The Rise of Admiralty Law: Many believe that the gold fringe symbolizes a shift in legal jurisdiction, specifically to maritime or admiralty law. This legal system, historically used for disputes at sea, is often associated with corporate and government interests, prioritizing their claims over individual rights. Proponents of this theory argue that the gold-fringed flag is a subtle indication that these spaces operate under admiralty law, where corporate and government entities hold disproportionate power over individuals. This theory aligns with the broader narrative of corporate control, suggesting that even the legal system has been co-opted to serve the interests of those in power. The use of admiralty law, a system traditionally designed for commercial disputes, is seen by some as a way to circumvent individual rights and prioritize corporate and government interests.
The Role of Psychological Manipulation: The connection to programs like MK ULTRA, a CIA initiative aimed at mind control and psychological manipulation, further supports the idea that symbols like the gold-fringed flag may be part of a larger effort to create mass compliance and subdue the public’s understanding of their rights. The use of symbols and psychological manipulation, coupled with financial manipulation and legal obfuscation, creates a system of control that maintains corporate and government dominance over individual freedoms. It suggests that the control of the masses extends beyond financial manipulation and into the realm of shaping public perception and behavior. Symbols, like the gold-fringed flag, become tools for instilling a sense of subservience and obedience, creating a population that is less likely to question the authority of those in power.
Unmasking the False Reality: A Call for Reclaiming Sovereignty
The false reality in which we live is a product of corporate greed, monetary manipulation, and symbolic control. Recognizing the influence of these powerful forces and understanding events like the Federal Reserve Act of 1913, the removal of gold in 1933, and the symbolism of the gold-fringed flag helps us begin to unfold this false reality.
To challenge these systems and reclaim individual sovereignty, we must start by recognizing their influence. The shift from a gold-backed system to fiat currency was not a benign economic adjustment but a calculated move to consolidate power among corporate elites and the government. By removing the restraint of gold, those in control gained the ability to manipulate the value of currency, influence the economy, and control wealth distribution, all while the public suffered the consequences of inflation and financial instability. We need to ask critical questions about the role of the Federal Reserve, the reach of admiralty law, and the symbols used to maintain control over the masses. By doing so, we can begin to see through the veil of corporate power and pave the way for a future where true democracy and individual freedom prevail.

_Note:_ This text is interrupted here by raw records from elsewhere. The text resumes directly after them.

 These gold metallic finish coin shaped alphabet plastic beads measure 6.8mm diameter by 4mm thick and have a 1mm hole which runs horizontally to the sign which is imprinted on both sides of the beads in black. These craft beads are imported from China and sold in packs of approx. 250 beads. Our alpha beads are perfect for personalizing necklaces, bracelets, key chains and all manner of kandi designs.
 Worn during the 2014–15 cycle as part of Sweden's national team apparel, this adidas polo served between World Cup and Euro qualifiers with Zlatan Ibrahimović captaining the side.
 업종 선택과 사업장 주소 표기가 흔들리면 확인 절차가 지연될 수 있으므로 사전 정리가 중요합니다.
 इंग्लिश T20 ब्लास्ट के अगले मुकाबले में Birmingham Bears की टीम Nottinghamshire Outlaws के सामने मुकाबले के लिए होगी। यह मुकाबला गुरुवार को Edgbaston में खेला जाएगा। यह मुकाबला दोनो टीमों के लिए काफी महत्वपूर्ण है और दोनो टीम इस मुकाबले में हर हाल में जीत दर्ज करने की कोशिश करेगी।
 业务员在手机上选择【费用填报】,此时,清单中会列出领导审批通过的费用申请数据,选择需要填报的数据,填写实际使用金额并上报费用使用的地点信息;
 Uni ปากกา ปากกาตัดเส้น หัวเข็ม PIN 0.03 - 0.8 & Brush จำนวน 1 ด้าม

It's time to reclaim financial sovereignty and challenge the corporate-driven systems that have undermined our republic. We need to understand the history of the Federal Reserve, the impact of removing gold from circulation, and the symbolism that perpetuates the illusion of corporate control. Only then can we truly begin to understand the forces shaping our reality and work towards a future where true democracy and individual freedom reign supreme.